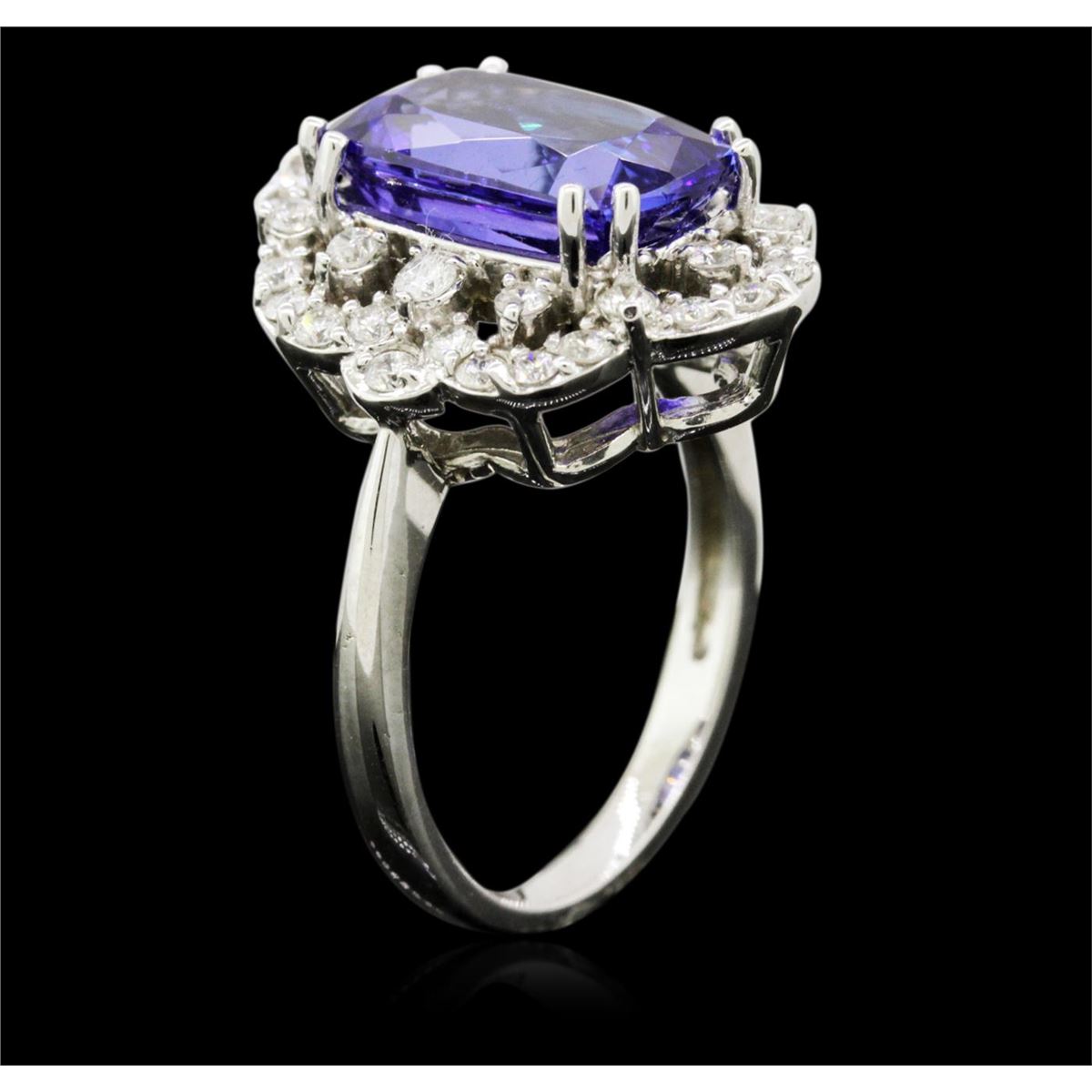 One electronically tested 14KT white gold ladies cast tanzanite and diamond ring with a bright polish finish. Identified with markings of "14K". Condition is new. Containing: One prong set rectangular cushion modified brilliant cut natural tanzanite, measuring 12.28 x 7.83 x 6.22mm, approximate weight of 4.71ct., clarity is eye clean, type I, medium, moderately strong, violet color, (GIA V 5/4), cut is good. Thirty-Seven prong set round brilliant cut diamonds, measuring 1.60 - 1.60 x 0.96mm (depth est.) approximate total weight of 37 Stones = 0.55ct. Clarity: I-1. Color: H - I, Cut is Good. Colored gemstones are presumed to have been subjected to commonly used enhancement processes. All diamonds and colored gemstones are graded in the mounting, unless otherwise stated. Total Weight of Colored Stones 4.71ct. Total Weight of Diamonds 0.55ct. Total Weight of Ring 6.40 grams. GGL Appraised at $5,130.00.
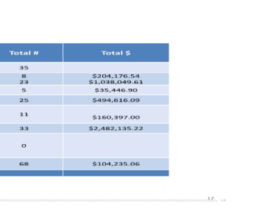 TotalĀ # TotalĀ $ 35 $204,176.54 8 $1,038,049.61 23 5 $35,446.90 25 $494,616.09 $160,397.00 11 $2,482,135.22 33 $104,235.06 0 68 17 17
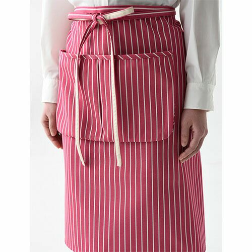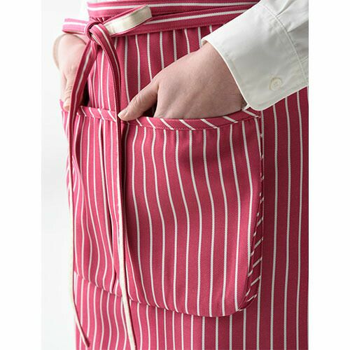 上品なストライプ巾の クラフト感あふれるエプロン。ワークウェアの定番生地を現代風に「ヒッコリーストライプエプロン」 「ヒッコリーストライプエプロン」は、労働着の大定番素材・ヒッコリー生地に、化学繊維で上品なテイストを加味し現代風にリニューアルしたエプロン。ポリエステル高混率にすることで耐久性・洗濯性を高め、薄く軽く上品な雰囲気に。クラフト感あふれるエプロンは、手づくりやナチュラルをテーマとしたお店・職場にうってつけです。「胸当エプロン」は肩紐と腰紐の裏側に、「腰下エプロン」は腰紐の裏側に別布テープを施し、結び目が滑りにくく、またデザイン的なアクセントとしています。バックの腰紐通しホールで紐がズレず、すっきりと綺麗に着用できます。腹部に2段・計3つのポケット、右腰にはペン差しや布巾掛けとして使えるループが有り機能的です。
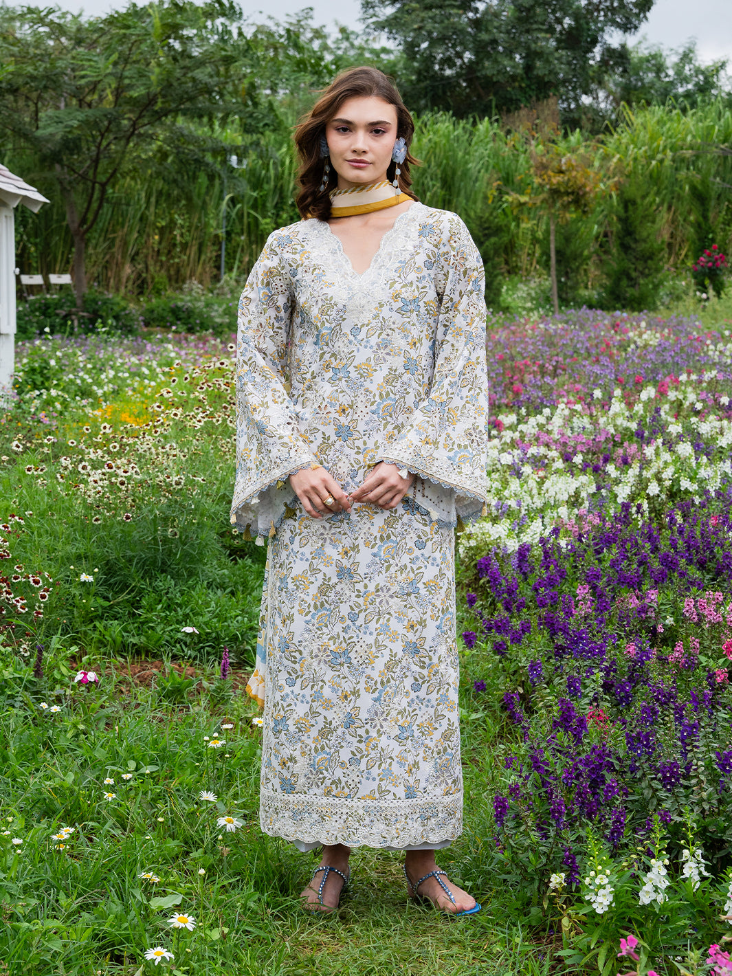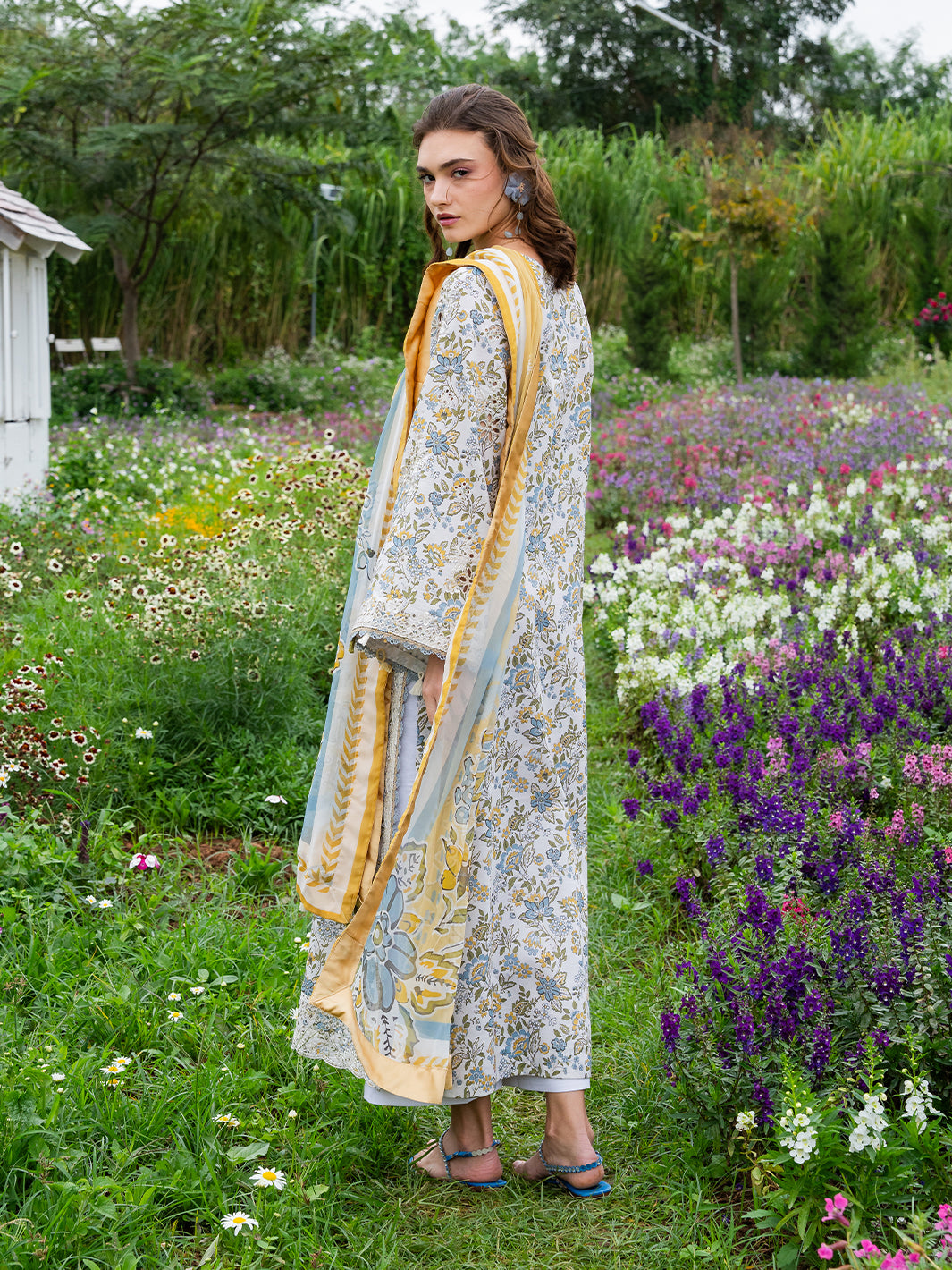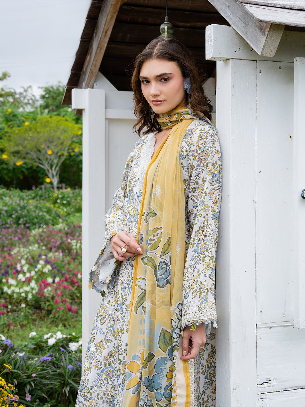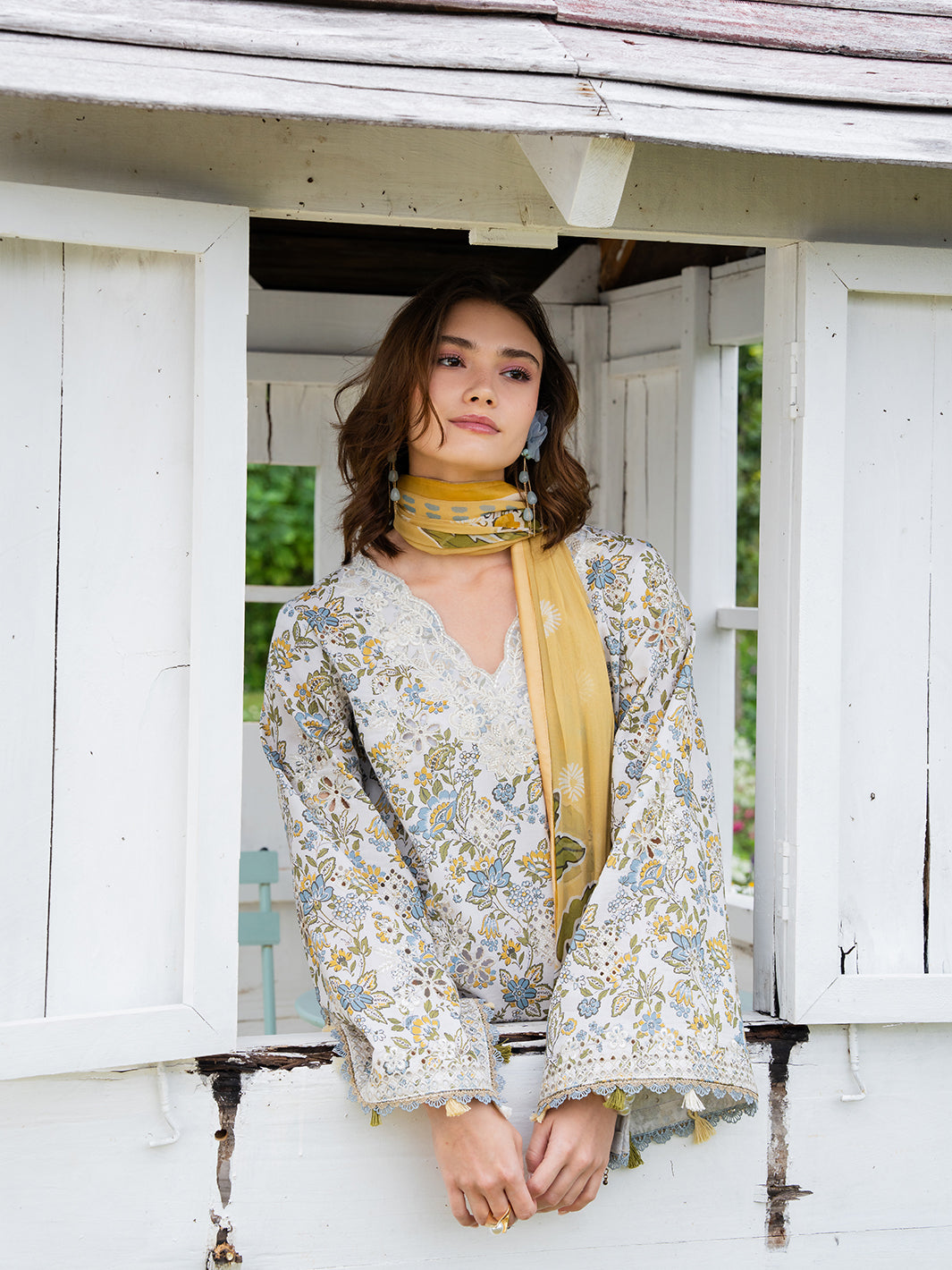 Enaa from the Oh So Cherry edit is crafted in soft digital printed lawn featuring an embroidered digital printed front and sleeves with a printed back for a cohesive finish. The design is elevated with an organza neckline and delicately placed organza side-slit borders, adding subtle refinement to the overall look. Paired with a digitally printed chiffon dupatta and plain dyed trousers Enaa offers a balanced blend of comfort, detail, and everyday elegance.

- - - - - - -

Every line from the one with "TotalĀ # TotalĀ" through the last line of the data must be copied exactly. Leave the pictures out.

 TotalĀ # TotalĀ $ 35 $204,176.54 8 $1,038,049.61 23 5 $35,446.90 25 $494,616.09 $160,397.00 11 $2,482,135.22 33 $104,235.06 0 68 17 17
 上品なストライプ巾の クラフト感あふれるエプロン。ワークウェアの定番生地を現代風に「ヒッコリーストライプエプロン」 「ヒッコリーストライプエプロン」は、労働着の大定番素材・ヒッコリー生地に、化学繊維で上品なテイストを加味し現代風にリニューアルしたエプロン。ポリエステル高混率にすることで耐久性・洗濯性を高め、薄く軽く上品な雰囲気に。クラフト感あふれるエプロンは、手づくりやナチュラルをテーマとしたお店・職場にうってつけです。「胸当エプロン」は肩紐と腰紐の裏側に、「腰下エプロン」は腰紐の裏側に別布テープを施し、結び目が滑りにくく、またデザイン的なアクセントとしています。バックの腰紐通しホールで紐がズレず、すっきりと綺麗に着用できます。腹部に2段・計3つのポケット、右腰にはペン差しや布巾掛けとして使えるループが有り機能的です。
 Enaa from the Oh So Cherry edit is crafted in soft digital printed lawn featuring an embroidered digital printed front and sleeves with a printed back for a cohesive finish. The design is elevated with an organza neckline and delicately placed organza side-slit borders, adding subtle refinement to the overall look. Paired with a digitally printed chiffon dupatta and plain dyed trousers Enaa offers a balanced blend of comfort, detail, and everyday elegance.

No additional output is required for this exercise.